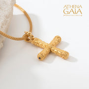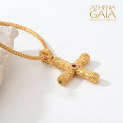 Our Byzantine Orthodox Cross can be crafted in yellow, rose, or white 18k gold. This stunning gold cross features a center and station stones that add elegance and sophistication to any outfit.
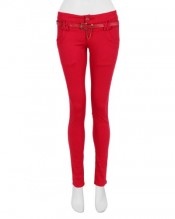 Womens Ladies Animal Belt Stretch Slim Skinny Fit Jeans Coloured Trousers Pants (Red,6)
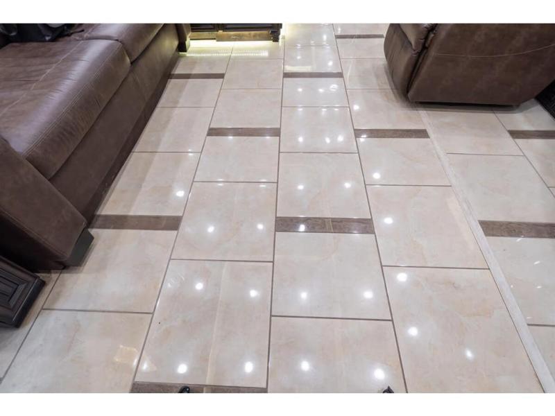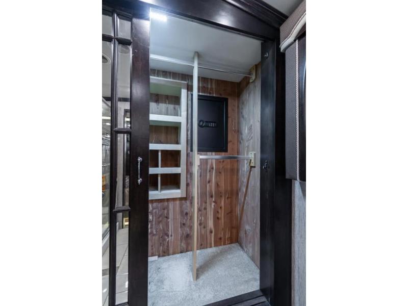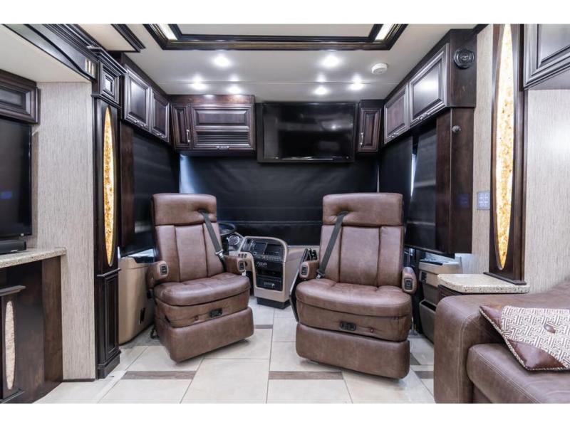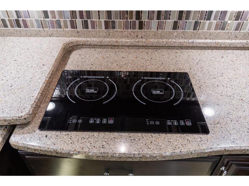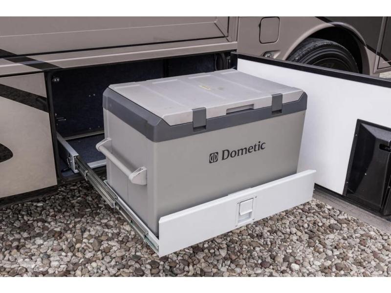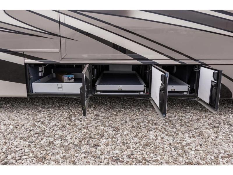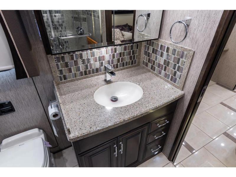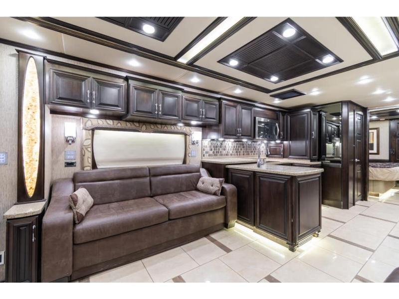 Inside this motor home find plenty of space in the main living area thanks to the full wall slide along the roadside, and the slide along the door side. The door side slide has a 84" hide-a-bed sofa, l-shaped counter with a double kitchen sink, two burner range, and next to the range you will find a pantry. There is also a large overhead cabinet above this slide for extra storage. Just past the slide you will find a half bath.
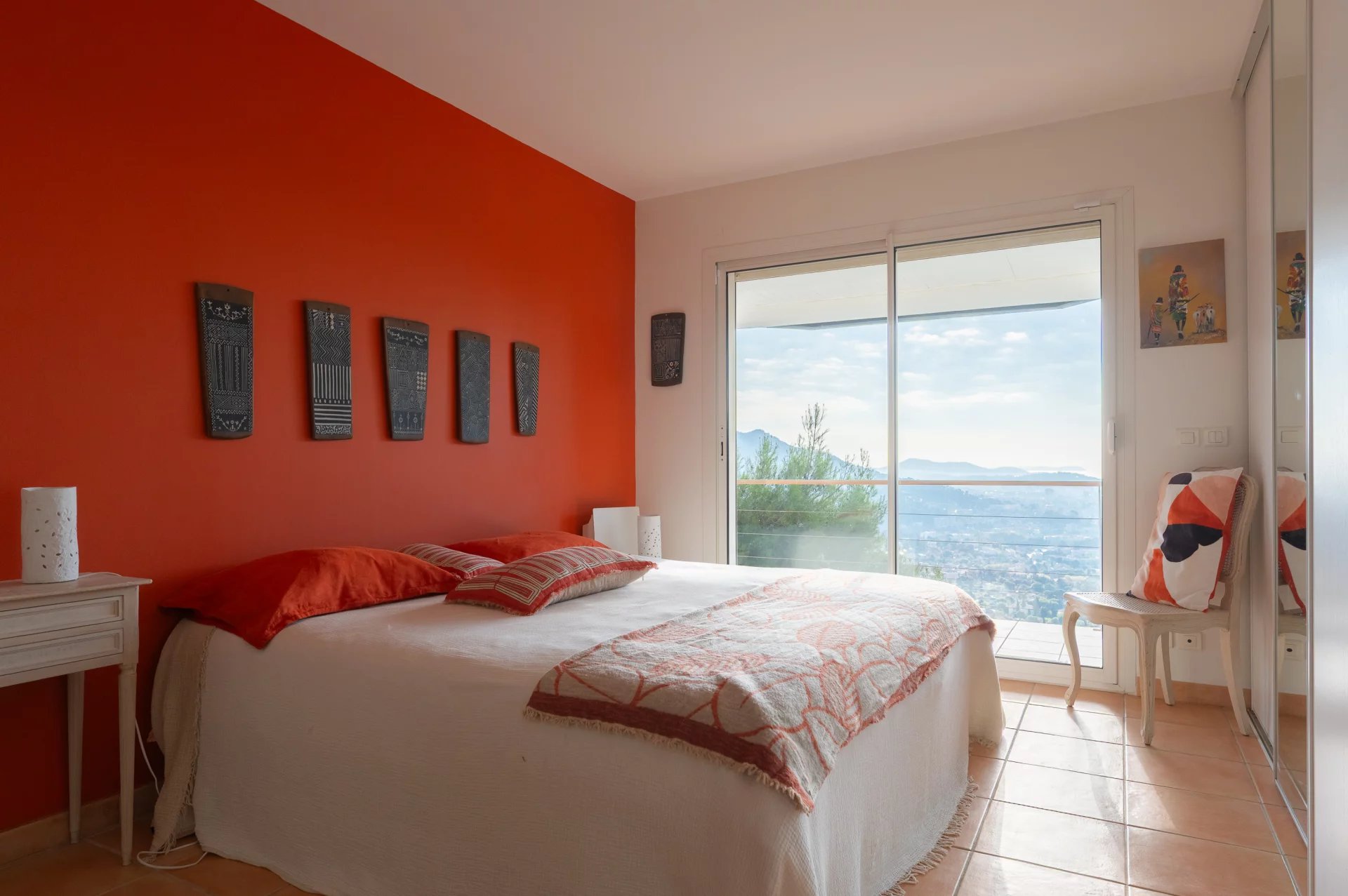The lower level houses two bedrooms with large built-in closets, each with access to a terrace, as well as a bathroom.
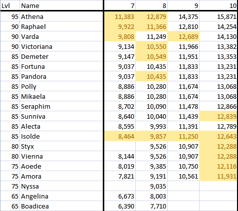 Raphael > Demeter > Pandora = Fortuna > Polly = Mikaela > Victoriana > Seraphim > Sunniva > Alecta
----------
#### [AIM OF THE EXERCISE]
Stop after the line containing "Womens Ladies Animal": copy the records exactly from the first line up to there, leaving pictures out.

#### [TASK ANSWER]
 Our Byzantine Orthodox Cross can be crafted in yellow, rose, or white 18k gold. This stunning gold cross features a center and station stones that add elegance and sophistication to any outfit.
 Womens Ladies Animal Belt Stretch Slim Skinny Fit Jeans Coloured Trousers Pants (Red,6)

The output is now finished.